The dataset is organized in 4 partitions:
- `'train'`: This is the full training set, consisting of 1200 audio samples of approximately 45-seconds each containg speech from English students with  different L1 backgrounds. (**ATENTION**: Do not use this dataset for training your models, unless your system is very fast or if you want to build your final model. It can be slow).
- `'train100'`: This is a subset of the full training set that consists of 100 audio files per target L1 language (**RECOMMENDATION**: Use this partition in your quick experiments, to more rapidly validate alternatives)
- `'dev'`: This is the development set. It contains the same kind of segments as the training partitions. You will typically use this to validate the quality of your model.
- `'evl'`: This is the evaluation set. It contains the same kind of segments as the training partitions. You don't have the groud-truth for this set. You are expected to generate a prediction file and submit it.

The data used in this challenge is a subset of the [ETS Corpus of Non-Native Spoken English](http://dx.doi.org/10.21437/Interspeech.2016-129).

The difference is that only four L1 target languages are considered instead of eleven, and that the original development partition has been split in the development and evaluation sets used in this course.

## Before starting
The following conditions are necessary to run correctly this notebook:

*   All modules included in the `requirements.txt` file need to be 
installed in the Python environment. In a local installation, you can run in the command line: `pip install -r requirements.txt`
*   The module `pf_tools` needs to be accessible (if you are using Google Colab, you will need to copy the `pf_tools.py` every time you start a new session).

In [1]:
from pf_tools import CheckThisCell

## How can you download (and process) the data

The first thing we have to do is to set our working directory. If you are using Google Colab, you probably want to mount Google Drive to keep persistent information, such as data, features and models. If you are not using Google Colab, you rather comment or delete the following code cell:

In [2]:
raise CheckThisCell ## <---- Remove this to run this cell if you are on Google Colab
from google.colab import drive
drive.mount('/content/drive')

CheckThisCell: 

In [2]:
#raise CheckThisCell ## <---- Remove this after completing/checking this cell
import os 

CWD = os.getcwd() # <--- Change this variable to your working directory 
DATADIR = f'{CWD}/ets_data/' # <--- Change this variable to your folder containig the ETS data
if not os.path.isdir(DATADIR):
    os.mkdir(DATADIR)

os.chdir(CWD)
print(f'Current working directory is set to {CWD}')   
print(f'Your ETS data folder is {DATADIR}')

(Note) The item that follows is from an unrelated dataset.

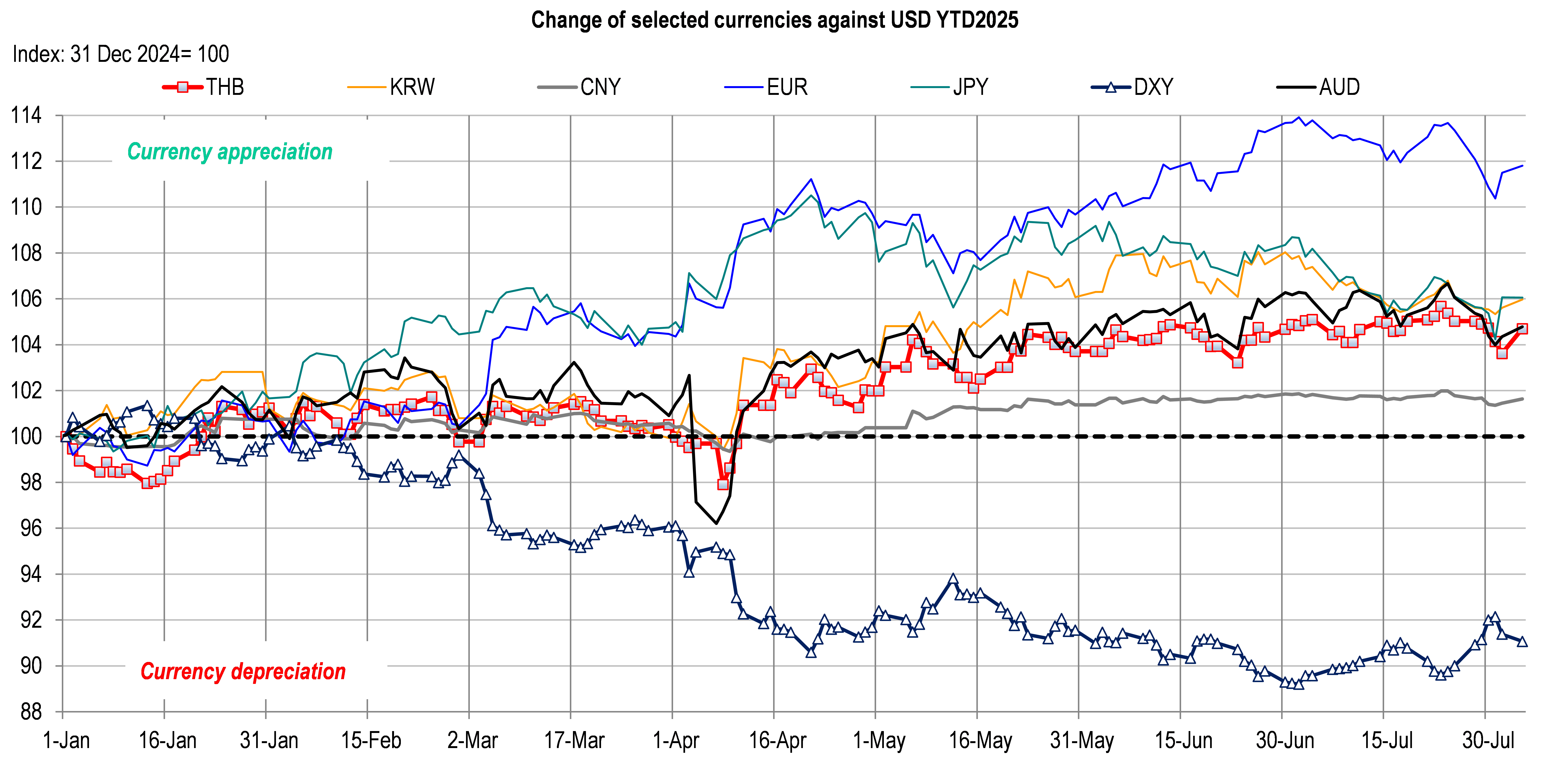 - ค่าเงินดอลลาร์ดูมีแนวโน้มอ่อนค่าอีก โดยเฉพาะหลังจากที่เห็นตัวเลขการจ้างงานสหรัฐฯ ของเดือน ก.ค. ที่ออกมาแย่กว่าตลาดคาดค่อนข้างมาก นอกเหนือจากปัจจัยเรื่องทรัมป์ทั้งภาษีการค้าและนโยบาย OBBBA (One Big Beautiful Bill Act) ที่ทำให้แนวโน้มหนี้สาธารณะของสหรัฐฯ ดูน่ากังวล ส่งผลให้ค่าเงินดอลลาร์ดูมีแนวโน้มจะอ่อนค่าอีก

Current working directory is set to c:\Users\Piotr\Desktop\spoken-language-processing-23-24-IST\slp-lab2
Your ETS data folder is c:\Users\Piotr\Desktop\spoken-language-processing-23-24-IST\slp-lab2/ets_data/


The class `ETS` permits downloading, transforming and storing the different data partitions. Each `ETS` instance can be used to iterate over all the samples of the partition. It can also be used in combination with pytorch dataloader to read batches of data to train neural networks with pytorch. For instance, consider the following piece of code:


In [3]:
import numpy as np
from pf_tools import ETS
import librosa 

def audio_transform(filename):
    y, _ = librosa.load(filename, sr=16000, mono=True)
    return y.reshape(-1,1)
    
train_ets = ETS(DATADIR, 'train100', transform_id='raw', audio_transform=audio_transform)

100%|██████████| 491M/491M [00:55<00:00, 9.24MB/s] 
100%|██████████| 400/400 [00:21<00:00, 18.49it/s]

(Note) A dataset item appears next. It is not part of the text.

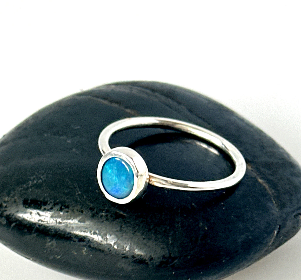 A solid opal from Lightning Ridge, Australia which has been hand cut by ourselves and set in a handmade sterling silver ring.

This will first download and uncompress the .tar.gz file containing all the necessary data of the `'train100'` partition, that is, the audio files that are stored to disk (in DATADIR/train100/audio/) and key file (DATADIR/train100/key.lst). Then, the audio transformation `'transform'` will be applied to each file and the result stored to disk DATADIR/train100/raw/. 

(If the feature extraction process is interrupted, you will need to delete the corresponding tranformation folder to restart)

**Audio transformations** receive a filename of an audio file and returns an array of dimensions (NxD), in which N is the time dimension and D the dimension of the feature vector. In this simple case D is 1 because the transform is just returning the raw audio signal.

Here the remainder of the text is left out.